Print exactly the lines that run from the opening line of the material through the line with "山の土は、基本的に「木の根っ", and nothing else, leaving out pictures.

• • • • •

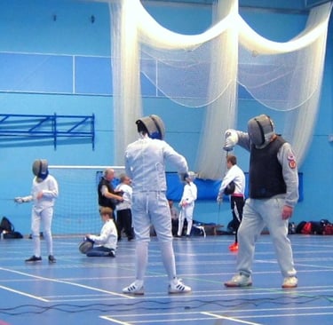 We have split the club into 3 different training 'wings' (keeping the phoenix theme!) for our class lessons and footwork sessions (Yellow, Blue and Red.) The groups will work with a coach for a block of 4 weeks and then things will be moved about... Coaches will swap groups and some people will migrate from wing to wing. Once the group lessons are finished, the rest of the session will be "free fencing" as normal and the usual etiquette of "never refuse a request to fence" without a very good reason still holds.
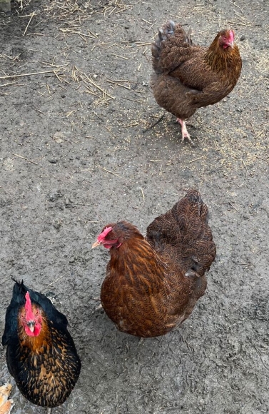 Die Schwarze ist knapp vier Jahre alt, die beiden Wyandotten sind im August 2022 geschlüpft, also ca 1,5 Jahre alt.
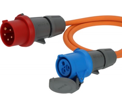 Thanks to the IP44 protection rating and the oil-resistant RN cable, the CEE Adapter Cable is ideally suited for permanent outdoor use, such as on campsites, farms, in maritime/yachting applications and on construction sites. The orange Adapter Cable with a CEE coupling and a CEE plug is not only extremely robust, but also impresses with the following features:
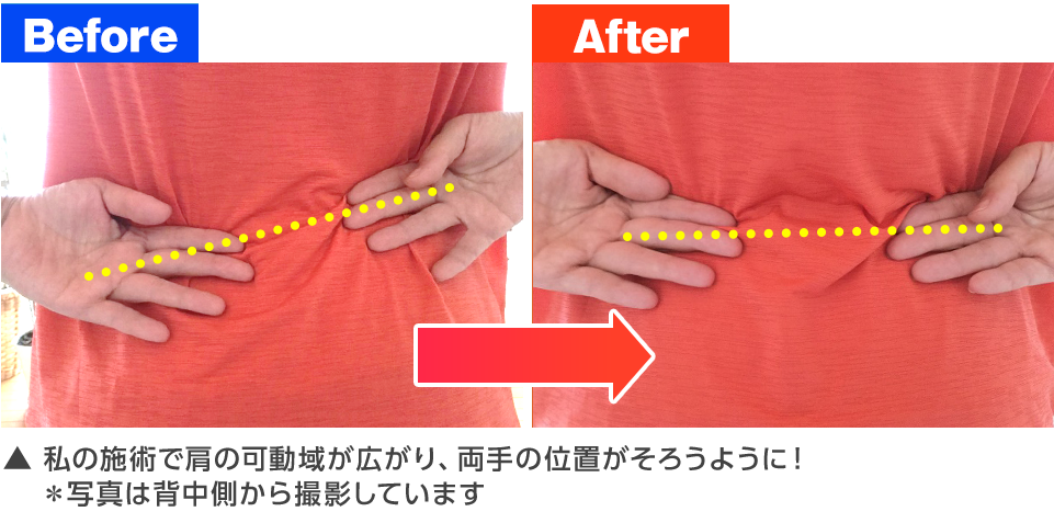 それは、わずか数秒で終わる超スピーディーな施術なのに、可動域が1回で変化して、痛みがウソのようになくなっていくからです。
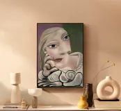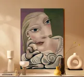 Immergetevi nello sguardo intrigante di questo poster digitale, un irresistibile omaggio ai ritratti cubisti di Picasso. L'opera d'arte presenta un volto di donna, in posa pensierosa con la mano sul mento, reso con tratti frammentati e una tavolozza morbida di blu, rosa e crema. Gli occhi blu espressivi e il sorriso sottile attirano l'osservatore nel suo stato contemplativo, mostrando le molteplici prospettive caratteristiche dell'approccio rivoluzionario di Picasso. Questo poster digitale di qualità superiore, che vanta 7000x5000 pixel a 300 dpi, cattura in modo impeccabile le sfumature di colore e lo stile innovativo, rendendolo uno dei più importanti dipinti di Picasso.
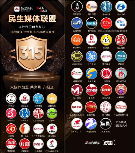 随着新浪新闻民生频道“315消费监督月”进入报道阶段,3月7日,新浪新闻宣布携手47家来自全国各地的民生媒体成立“民生媒体联盟”,共同聚焦消费维权、产品质量问题等内容,力行监督报道之责,共同守护消费者权益。
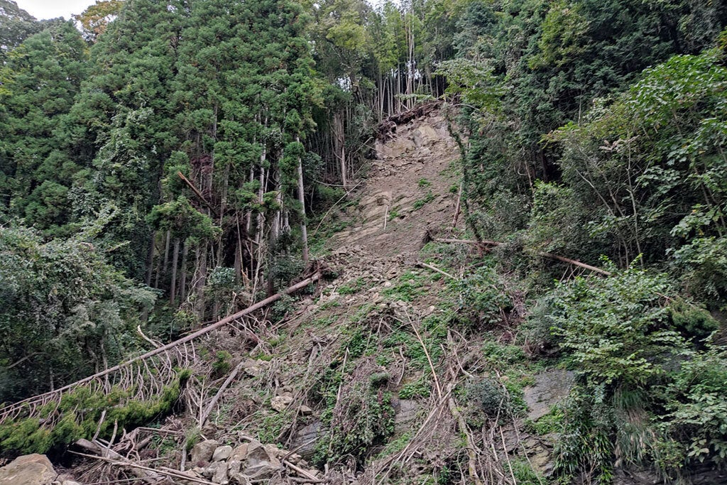 山の土は、基本的に「木の根っこ」で支えられています。この根っこが弱くなれば、土を「つかむ」ものがなくなり、まとまった雨が降ったときに土の表面が流れ出し、土砂崩れとなってしまいます。
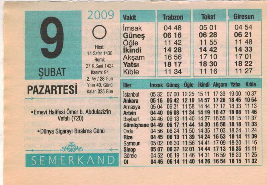 9 Şubat 2009 Takvim Yaprağı EFM(N)5614
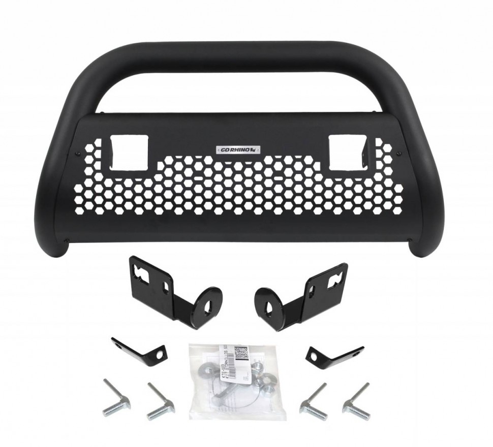 Go Rhino's RC2 LR Bull Bars offer updated styling and the ability to combine today’s popular LED lights with front-end protection. The 3" diameter tubular steel frame features a galvanized steel skid plate with a stylish hexagonal cut out pattern. Different styles are available with light mounts for one 20" single row light bar, two 3" cube lights or four 3" cube lights. In addition, all RC2 LR Bull Bars have pre-drilled light mount holes across the center crossmember. The RC2 LR is available as a standalone; as a kit that includes vehicle-specific mounting brackets; or as a kit that includes both mounting brackets and LED lights. Installation is easy with no drilling required. RC2 LR Bull Bars come with a Limited Lifetime warranty on materials and construction and a 5 year warranty on the Textured Black Finish.
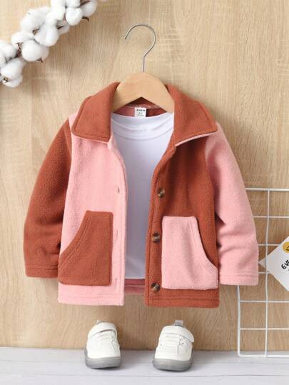 女孩嬰兒雙色前紐扣外套不帶T恤 - 彩色 - 查看 1
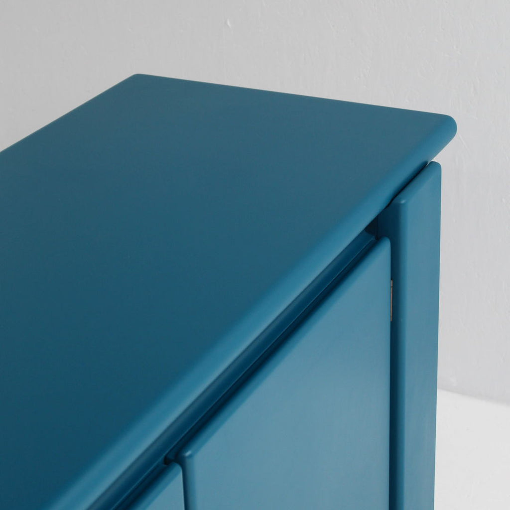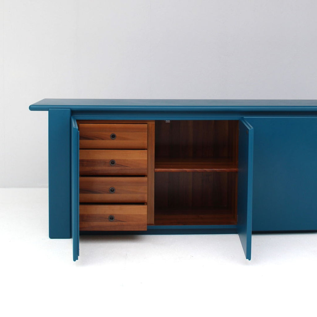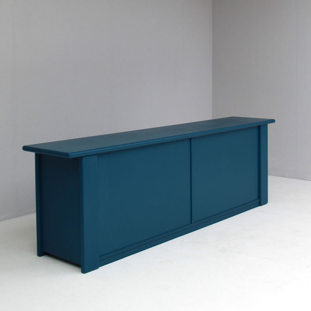 월넛 원목으로 만든 아름다운 파란색 찬장입니다. 문 하나에는 서랍이 있습니다. 크기 H79 x D52 x L248cm
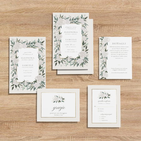 Il set di articoli di cancelleria per matrimoni più classico è composto da biglietti Save the date e partecipazioni, accompagnate da biglietti di risposta o bigliettini da allegare. Se vuoi dare agli invitati la possibilità di rispondere all’invito online, includi un codice QR con un link al sito web del tuo matrimonio all’interno degli inviti.
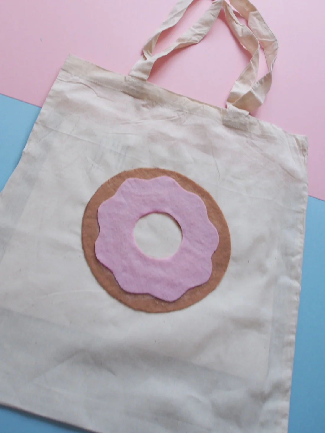 3. Apply fabric glue to the donut and stick it down in the centre of the tote bag. Allow it to dry before sticking the pink icing on over the top.
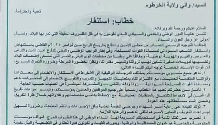 ودعا المصباح في خطاب موجه إلى والي الخرطوم جميع منسوبي المؤسسات بمختلف الدرجات الوظيفية إلى الانخراط في الاستنفار والانضمام إلى معسكرات القوات المتقدمة للعمليات، مع الالتزام التام بمتطلبات التجهيز والتدريب والتفويج للانضمام إلى المتحركات لدعم ومساندة القوات المسلحة السودانية – زودا ودفعا بالنفس – والمشاركة المباشرة في العمليات حسب الحاجة.
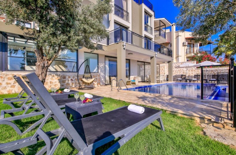 This magnificent triplex villa boasts five spacious bedrooms and one living room, perfect for accommodating large families or groups of friends. The villa is situated in a picturesque location with stunning sea views, making it an ideal destination for those looking for a tranquil and relaxing getaway.
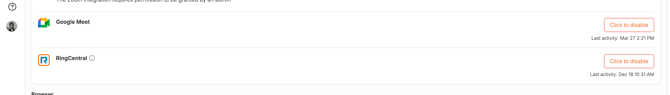 If the integration was successfully set up, you will be redirected back to the integrations screen and the Google button will now read "Click to Disable". You will also start seeing time stamps for your last Google activity.
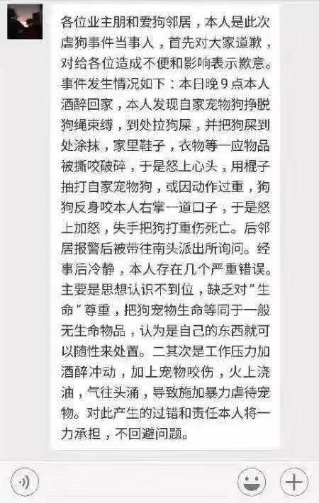當(dāng)天深夜,男子在業(yè)主群中道歉,稱自己晚上9點(diǎn)醉酒回家,發(fā)現(xiàn)自家寵物狗掙脫狗鏈,到處拉屎還將家里的鞋子、衣物撕咬破碎,抽打自家寵物狗時(shí),又被反咬一口,才會失手將狗打成重傷,同時(shí)男子表示“對此產(chǎn)生的過錯和責(zé)任本人將一力承擔(dān),不回避問題?!?/p>
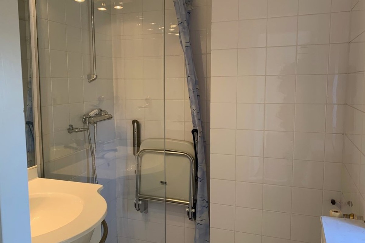 Ruime overloop, 2 slaapkamers, in een voormalige (3e) slaapkamer bevindt zich nu de badkamer voorzien van vaste wastafel, ligbad en toilet. De oorspronkelijke badkamer is er ook nog en is voorzien van een douchehoek en wastafel.
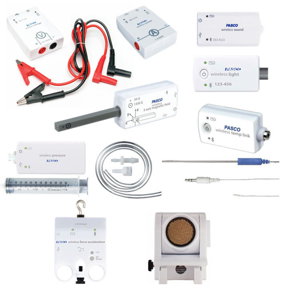 Комплект датчиков PASCO по физике «Базовый беспроводной» позволяет организовать учебно-лабораторный и проектно-исследовательский практикум в средней и старшей школе.
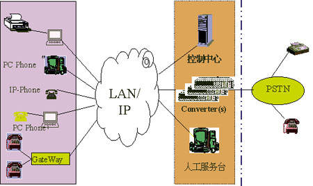 如圖點(diǎn)劃線左邊所示,IP PBX系統(tǒng)通過在網(wǎng)絡(luò)中加入控制中心并利用原有網(wǎng)絡(luò)的結(jié)點(diǎn)(多媒體配置),將LAN改造為PBX電話網(wǎng)絡(luò)。IP
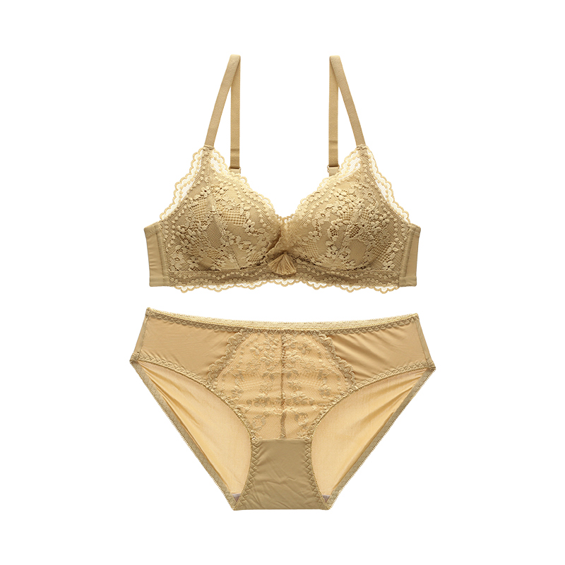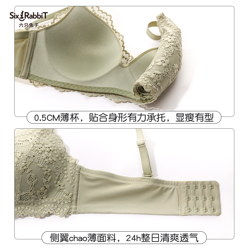 Six rabbits summer thin lace girl underwear Big chest small thin no rim side thin cup underwear set
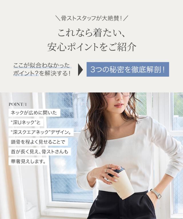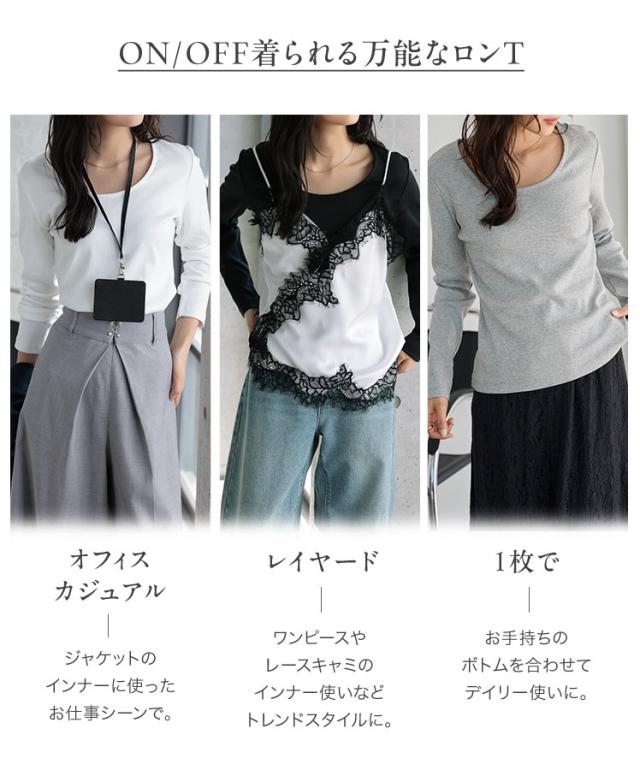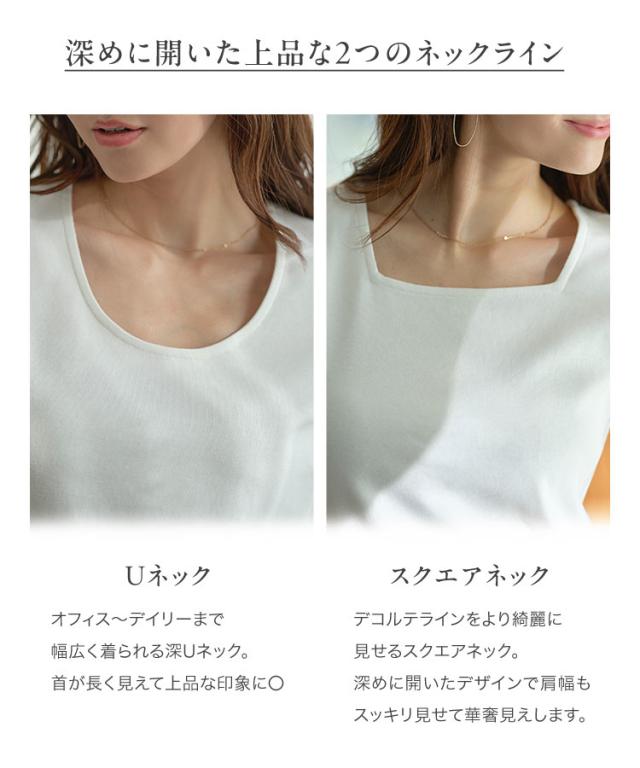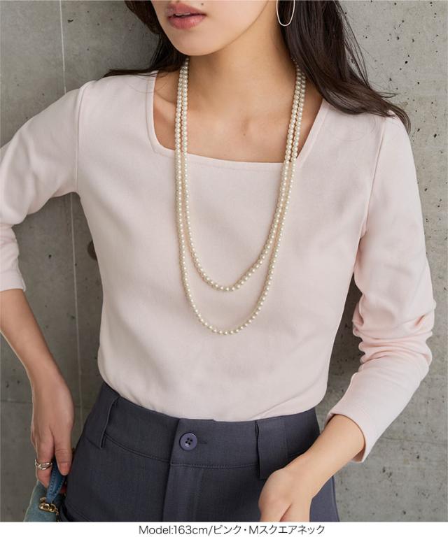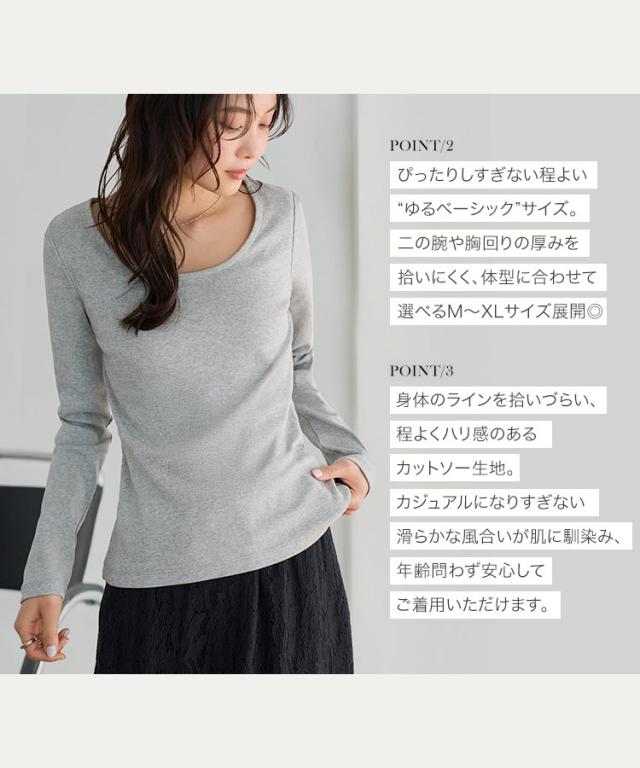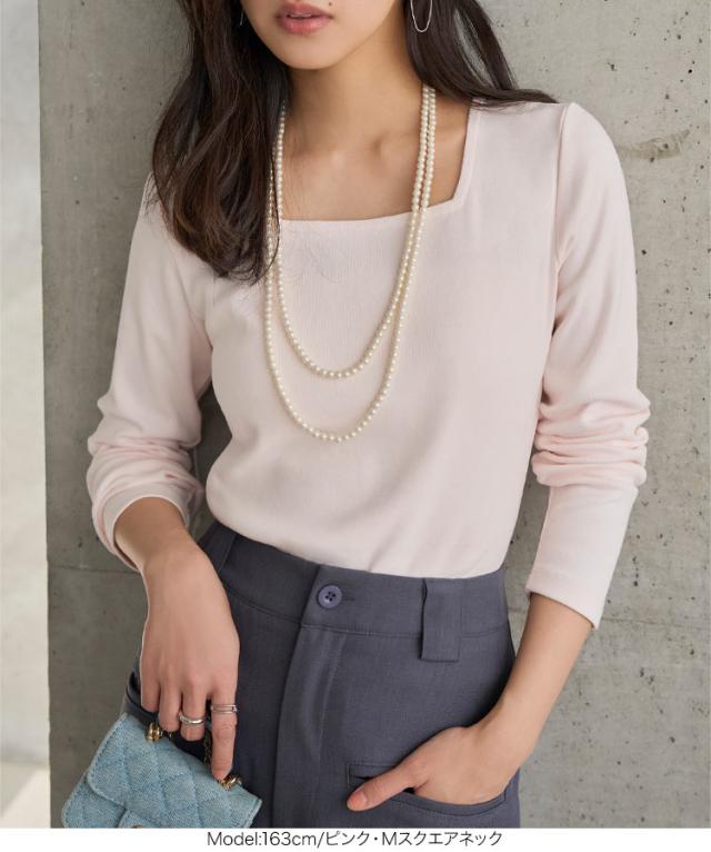 深めに開いたスクエアネック&Uネックが、すっきりとした抜け感を演出する長袖Tシャツ。程よく身体にフィットするシルエットで、インナーとしても一枚着としても幅広く活躍します。M/L/XLの3サイズ展開で、自分に合ったバランスで着こなせるのも嬉しいポイント。デイリーに取り入れやすく、さりげなく女性らしい甘さを添えてくれる一枚です。【素材・サイズ感】全体的に程よくフィットするシルエットで、身体のラインを拾いすぎずすっきり着られます。伸縮性のある生地で快適な着心地ながら、程よいゆとりがありリラックス感も魅力です。スクエアネックはデコルテを美しく見せ、Uネックは柔らかく女性らしい雰囲気をプラス。シンプルなデザインだからこそ、着こなし次第で上品にもカジュアルにも活躍する万能トップスです。※キャンセル/変更不可※※お届けまでの日程について

• • • • •

» **Task solution**
 We have split the club into 3 different training 'wings' (keeping the phoenix theme!) for our class lessons and footwork sessions (Yellow, Blue and Red.) The groups will work with a coach for a block of 4 weeks and then things will be moved about... Coaches will swap groups and some people will migrate from wing to wing. Once the group lessons are finished, the rest of the session will be "free fencing" as normal and the usual etiquette of "never refuse a request to fence" without a very good reason still holds.
 Die Schwarze ist knapp vier Jahre alt, die beiden Wyandotten sind im August 2022 geschlüpft, also ca 1,5 Jahre alt.
 Thanks to the IP44 protection rating and the oil-resistant RN cable, the CEE Adapter Cable is ideally suited for permanent outdoor use, such as on campsites, farms, in maritime/yachting applications and on construction sites. The orange Adapter Cable with a CEE coupling and a CEE plug is not only extremely robust, but also impresses with the following features:
 それは、わずか数秒で終わる超スピーディーな施術なのに、可動域が1回で変化して、痛みがウソのようになくなっていくからです。
 Immergetevi nello sguardo intrigante di questo poster digitale, un irresistibile omaggio ai ritratti cubisti di Picasso. L'opera d'arte presenta un volto di donna, in posa pensierosa con la mano sul mento, reso con tratti frammentati e una tavolozza morbida di blu, rosa e crema. Gli occhi blu espressivi e il sorriso sottile attirano l'osservatore nel suo stato contemplativo, mostrando le molteplici prospettive caratteristiche dell'approccio rivoluzionario di Picasso. Questo poster digitale di qualità superiore, che vanta 7000x5000 pixel a 300 dpi, cattura in modo impeccabile le sfumature di colore e lo stile innovativo, rendendolo uno dei più importanti dipinti di Picasso.
 随着新浪新闻民生频道“315消费监督月”进入报道阶段,3月7日,新浪新闻宣布携手47家来自全国各地的民生媒体成立“民生媒体联盟”,共同聚焦消费维权、产品质量问题等内容,力行监督报道之责,共同守护消费者权益。
 山の土は、基本的に「木の根っこ」で支えられています。この根っこが弱くなれば、土を「つかむ」ものがなくなり、まとまった雨が降ったときに土の表面が流れ出し、土砂崩れとなってしまいます。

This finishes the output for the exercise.